[SUPPLIED RECORDS Boundary: Start]

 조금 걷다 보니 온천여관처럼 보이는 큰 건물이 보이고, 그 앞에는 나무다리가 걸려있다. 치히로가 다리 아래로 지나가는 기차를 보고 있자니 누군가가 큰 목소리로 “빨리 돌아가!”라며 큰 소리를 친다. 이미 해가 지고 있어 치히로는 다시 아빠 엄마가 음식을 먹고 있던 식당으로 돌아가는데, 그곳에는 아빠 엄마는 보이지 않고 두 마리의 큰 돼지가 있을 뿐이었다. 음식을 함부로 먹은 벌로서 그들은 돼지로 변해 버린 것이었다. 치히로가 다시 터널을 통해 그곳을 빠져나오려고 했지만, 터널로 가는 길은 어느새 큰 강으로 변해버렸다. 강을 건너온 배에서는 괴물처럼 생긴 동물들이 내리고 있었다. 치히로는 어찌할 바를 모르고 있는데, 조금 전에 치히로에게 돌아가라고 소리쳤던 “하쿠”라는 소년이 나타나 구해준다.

[SUPPLIED RECORDS Boundary: End]
[SUPPLIED RECORDS Boundary: Start]

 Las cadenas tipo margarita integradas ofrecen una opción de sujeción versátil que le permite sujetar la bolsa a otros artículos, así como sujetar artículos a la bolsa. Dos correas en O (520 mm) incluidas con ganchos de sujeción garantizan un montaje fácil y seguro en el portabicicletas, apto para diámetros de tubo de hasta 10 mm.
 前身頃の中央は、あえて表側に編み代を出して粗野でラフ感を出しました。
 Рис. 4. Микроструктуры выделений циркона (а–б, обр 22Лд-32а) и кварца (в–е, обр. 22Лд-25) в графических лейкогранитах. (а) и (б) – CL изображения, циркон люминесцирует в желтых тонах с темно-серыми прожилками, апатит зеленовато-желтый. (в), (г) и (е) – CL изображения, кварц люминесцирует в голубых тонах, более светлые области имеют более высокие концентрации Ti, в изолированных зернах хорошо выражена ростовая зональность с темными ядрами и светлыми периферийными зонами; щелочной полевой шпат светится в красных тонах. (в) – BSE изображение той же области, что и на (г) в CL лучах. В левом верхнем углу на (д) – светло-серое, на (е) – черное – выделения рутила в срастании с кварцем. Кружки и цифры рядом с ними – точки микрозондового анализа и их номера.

[SUPPLIED RECORDS Boundary: End]
[SUPPLIED RECORDS Boundary: Start]

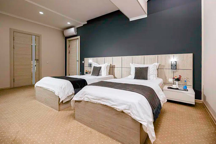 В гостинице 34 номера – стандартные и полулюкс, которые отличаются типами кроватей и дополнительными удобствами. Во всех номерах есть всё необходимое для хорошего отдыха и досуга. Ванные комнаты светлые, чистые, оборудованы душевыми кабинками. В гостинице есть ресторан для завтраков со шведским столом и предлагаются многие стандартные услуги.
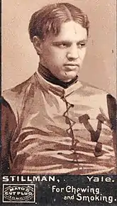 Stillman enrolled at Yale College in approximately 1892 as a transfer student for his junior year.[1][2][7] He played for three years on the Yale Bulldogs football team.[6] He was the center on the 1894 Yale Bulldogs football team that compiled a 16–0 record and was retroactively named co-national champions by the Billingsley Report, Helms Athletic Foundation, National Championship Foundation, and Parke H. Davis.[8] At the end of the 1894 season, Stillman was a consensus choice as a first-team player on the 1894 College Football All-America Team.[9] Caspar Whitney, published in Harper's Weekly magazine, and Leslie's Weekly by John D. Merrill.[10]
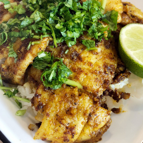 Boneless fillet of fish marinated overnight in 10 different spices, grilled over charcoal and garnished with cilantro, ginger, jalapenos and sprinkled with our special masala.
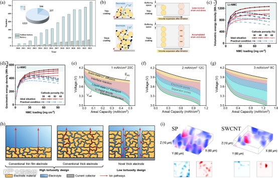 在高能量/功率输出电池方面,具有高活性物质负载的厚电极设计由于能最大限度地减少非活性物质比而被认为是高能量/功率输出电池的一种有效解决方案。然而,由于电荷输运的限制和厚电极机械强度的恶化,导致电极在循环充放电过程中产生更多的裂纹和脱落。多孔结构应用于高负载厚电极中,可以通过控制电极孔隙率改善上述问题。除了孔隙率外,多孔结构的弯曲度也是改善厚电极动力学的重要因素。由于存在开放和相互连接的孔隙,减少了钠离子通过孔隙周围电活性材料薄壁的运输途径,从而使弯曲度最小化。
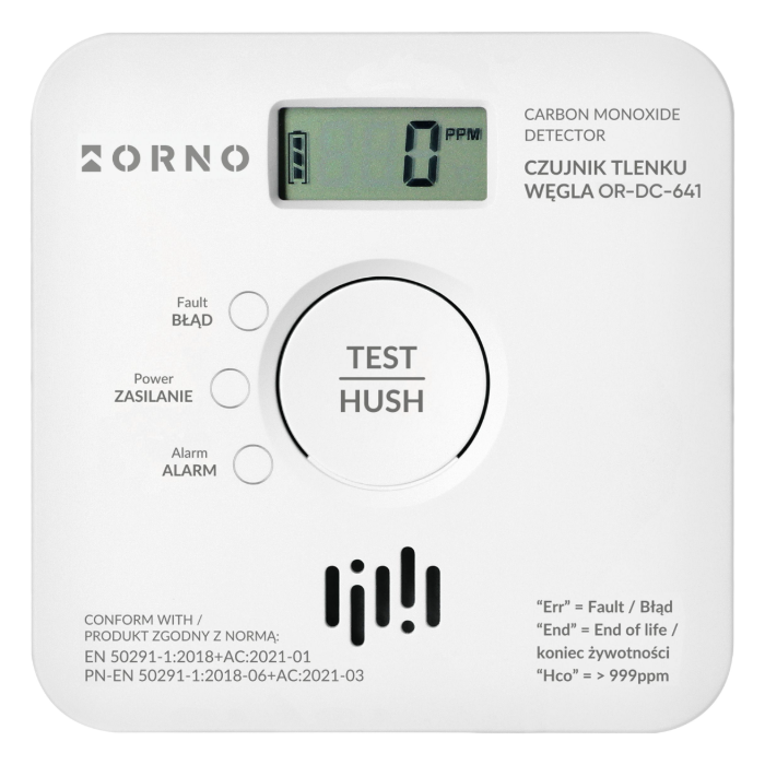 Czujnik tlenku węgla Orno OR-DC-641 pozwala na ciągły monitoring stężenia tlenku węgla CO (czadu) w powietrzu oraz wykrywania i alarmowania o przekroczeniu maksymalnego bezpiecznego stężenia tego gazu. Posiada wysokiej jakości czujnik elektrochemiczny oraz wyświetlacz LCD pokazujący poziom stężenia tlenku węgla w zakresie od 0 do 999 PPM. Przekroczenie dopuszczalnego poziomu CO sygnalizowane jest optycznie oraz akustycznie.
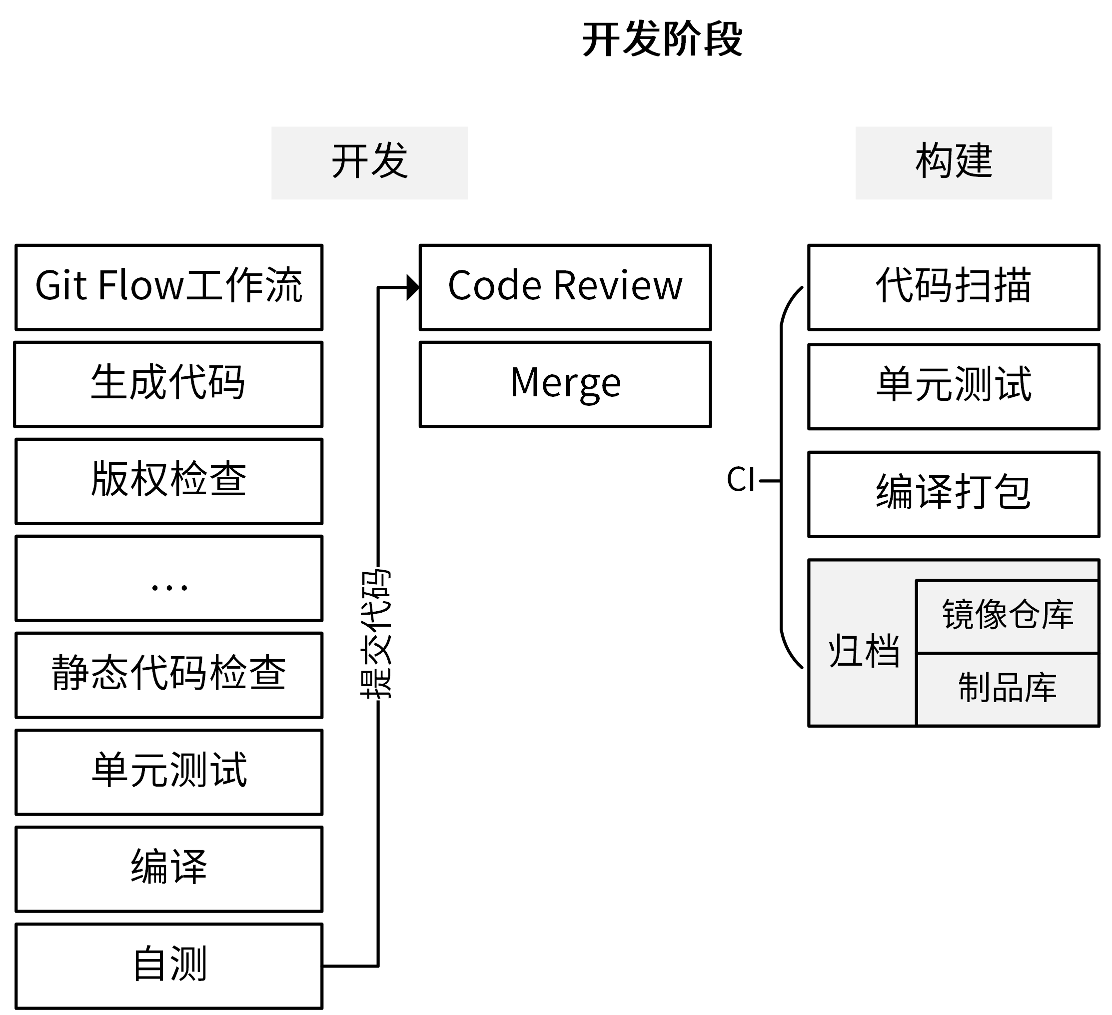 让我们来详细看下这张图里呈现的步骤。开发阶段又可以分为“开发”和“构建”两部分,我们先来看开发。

[SUPPLIED RECORDS Boundary: End]

Starting at the line that has "Las cadenas tipo" and ending at the line that has "前身頃の中央は、あえて表側に編み代を出して粗野でラフ感を出しました。", please write out the lines above exactly, leaving out all others.

 Las cadenas tipo margarita integradas ofrecen una opción de sujeción versátil que le permite sujetar la bolsa a otros artículos, así como sujetar artículos a la bolsa. Dos correas en O (520 mm) incluidas con ganchos de sujeción garantizan un montaje fácil y seguro en el portabicicletas, apto para diámetros de tubo de hasta 10 mm.
 前身頃の中央は、あえて表側に編み代を出して粗野でラフ感を出しました。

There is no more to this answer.